__WORK INSTRUCTIONS__.
Your copy should start at the line with "Toadstool mushrrom earrings, all" and end at the line with "5 piece lot" in the data below. Transcribe only those lines, exactly, pictures excluded.

__EXERCISE DATA__.
+===+

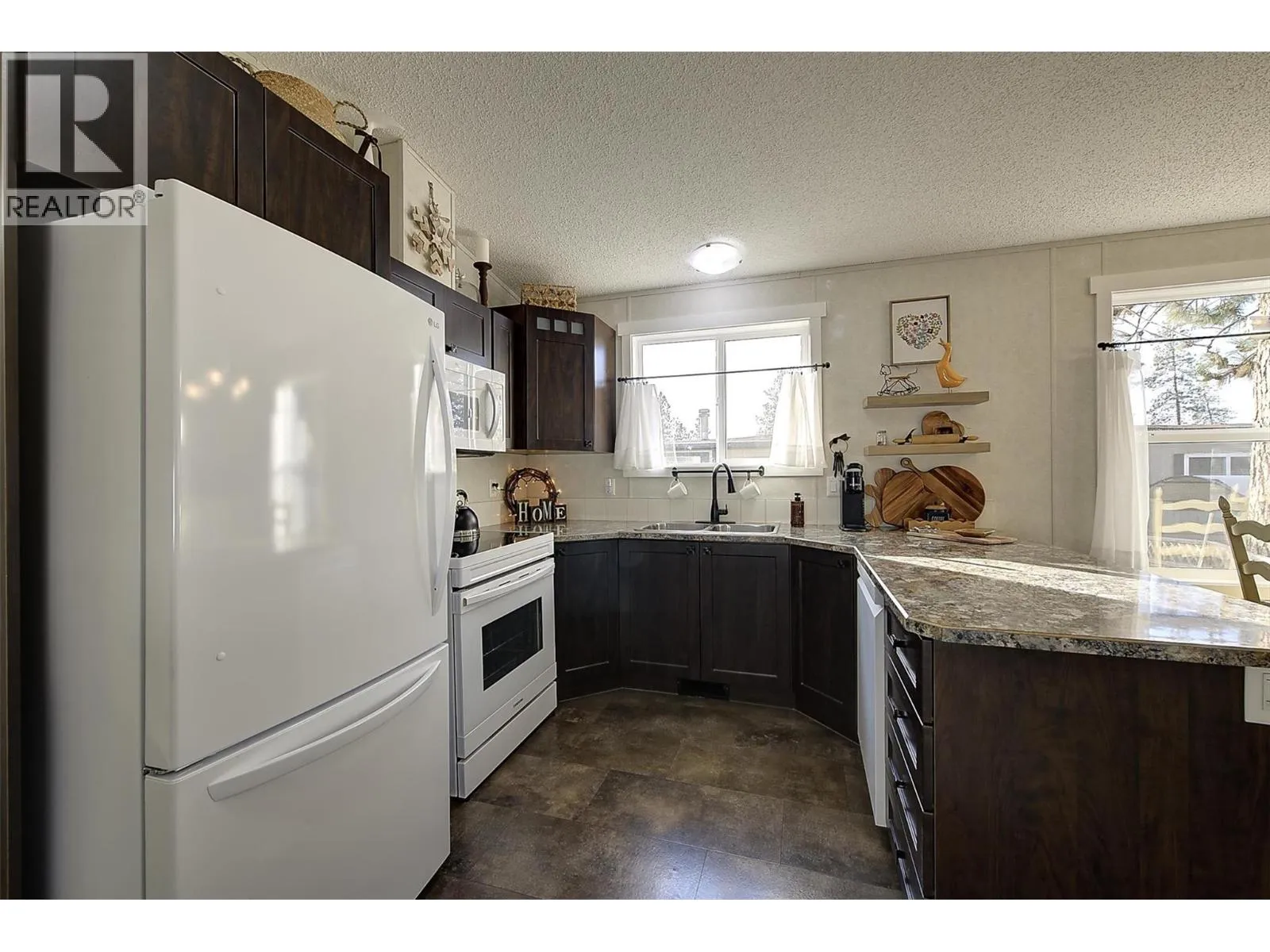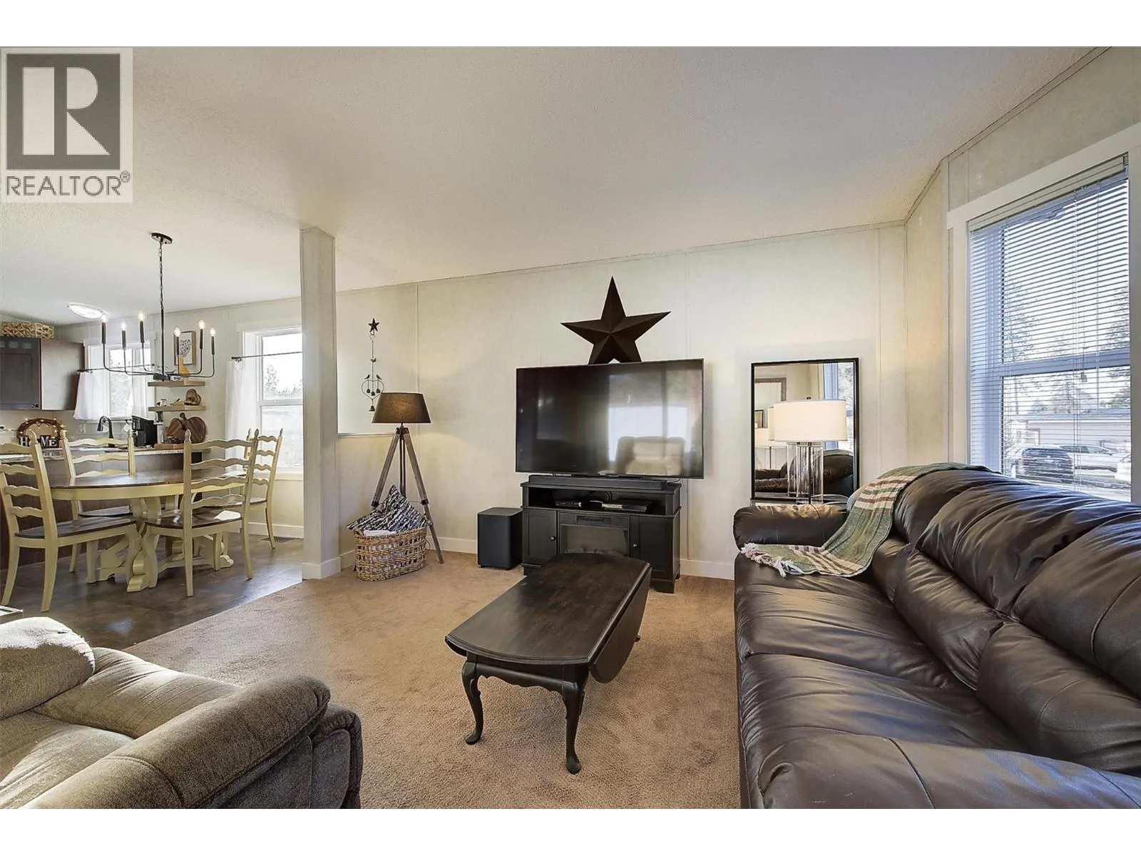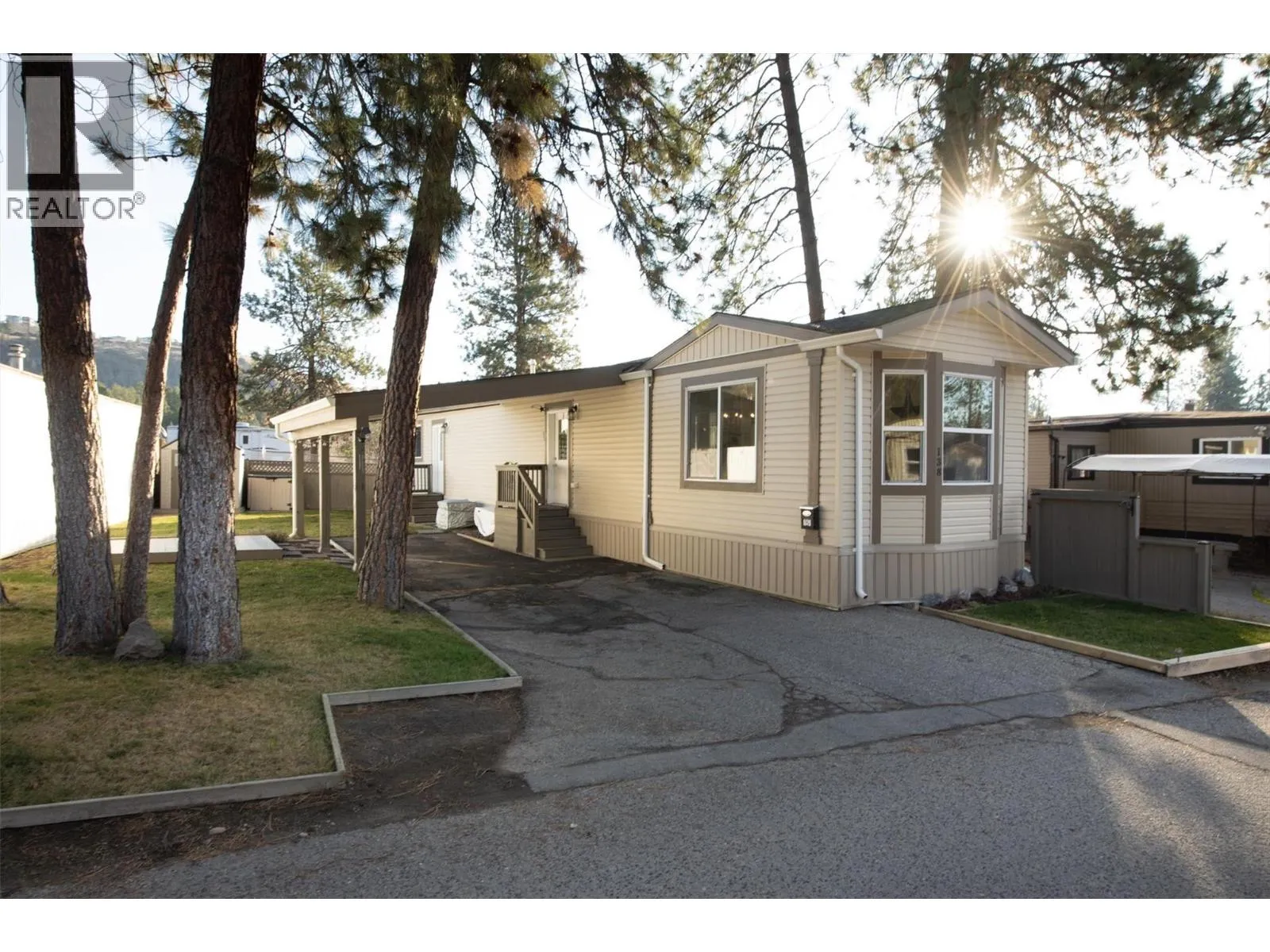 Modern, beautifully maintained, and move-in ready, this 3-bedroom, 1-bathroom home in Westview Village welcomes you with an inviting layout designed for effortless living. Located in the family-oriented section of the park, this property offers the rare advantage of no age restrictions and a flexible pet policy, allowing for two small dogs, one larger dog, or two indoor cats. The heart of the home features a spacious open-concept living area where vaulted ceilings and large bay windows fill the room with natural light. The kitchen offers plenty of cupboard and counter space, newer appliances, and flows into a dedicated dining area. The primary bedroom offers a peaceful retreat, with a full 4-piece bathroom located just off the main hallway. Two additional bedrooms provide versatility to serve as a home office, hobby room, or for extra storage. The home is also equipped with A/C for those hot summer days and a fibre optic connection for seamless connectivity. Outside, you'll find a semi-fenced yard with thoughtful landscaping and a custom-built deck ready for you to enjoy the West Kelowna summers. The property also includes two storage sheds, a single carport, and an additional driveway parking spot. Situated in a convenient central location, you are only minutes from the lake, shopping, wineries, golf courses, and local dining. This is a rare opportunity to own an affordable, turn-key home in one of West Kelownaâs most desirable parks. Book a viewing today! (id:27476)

+===+

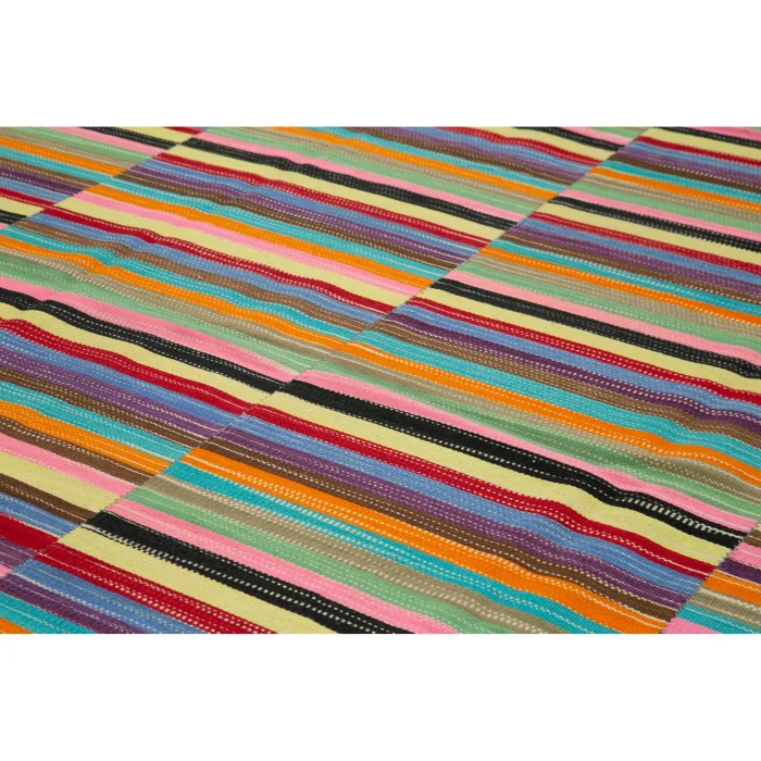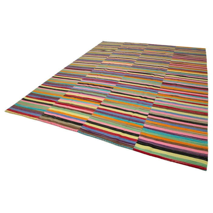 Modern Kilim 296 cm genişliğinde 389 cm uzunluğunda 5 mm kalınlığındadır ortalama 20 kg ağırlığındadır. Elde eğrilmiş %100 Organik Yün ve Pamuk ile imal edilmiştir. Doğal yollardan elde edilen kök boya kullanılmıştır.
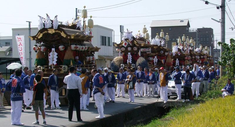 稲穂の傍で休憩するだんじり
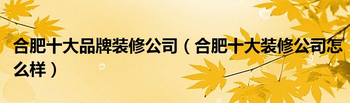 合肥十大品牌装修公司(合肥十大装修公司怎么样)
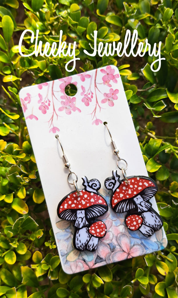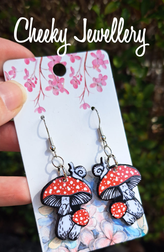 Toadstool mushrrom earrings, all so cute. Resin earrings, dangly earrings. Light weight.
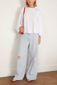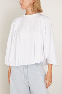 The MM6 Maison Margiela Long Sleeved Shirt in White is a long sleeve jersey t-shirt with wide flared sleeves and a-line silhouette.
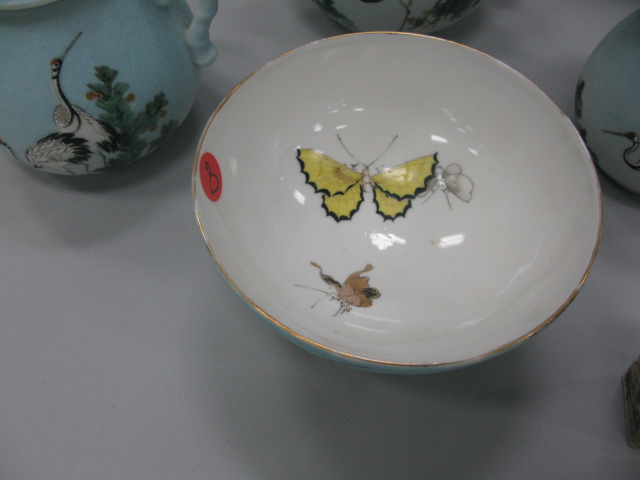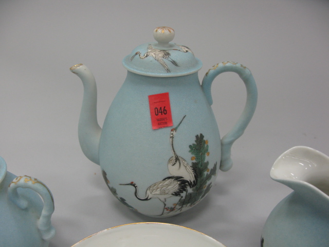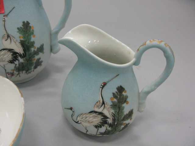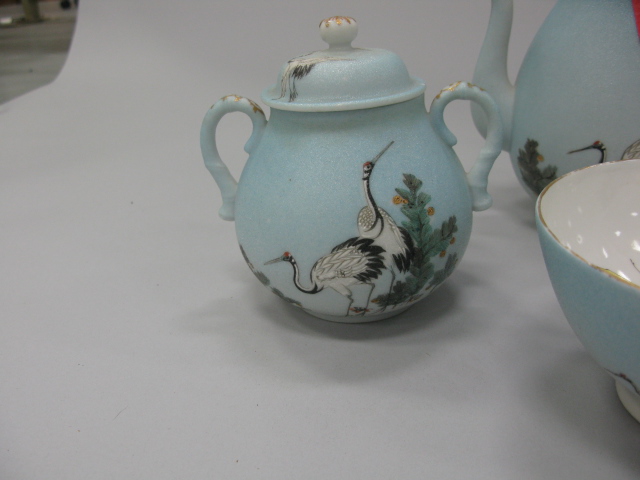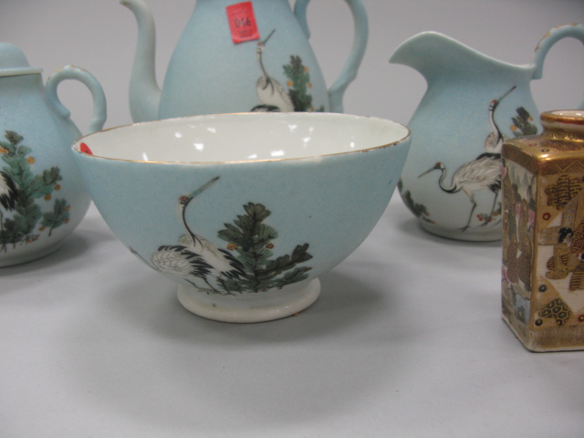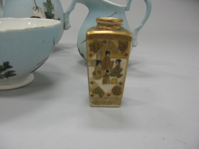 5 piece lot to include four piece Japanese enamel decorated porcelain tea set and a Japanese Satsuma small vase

+===+

__TASK RESPONSE__.
 Toadstool mushrrom earrings, all so cute. Resin earrings, dangly earrings. Light weight.
 The MM6 Maison Margiela Long Sleeved Shirt in White is a long sleeve jersey t-shirt with wide flared sleeves and a-line silhouette.
 5 piece lot to include four piece Japanese enamel decorated porcelain tea set and a Japanese Satsuma small vase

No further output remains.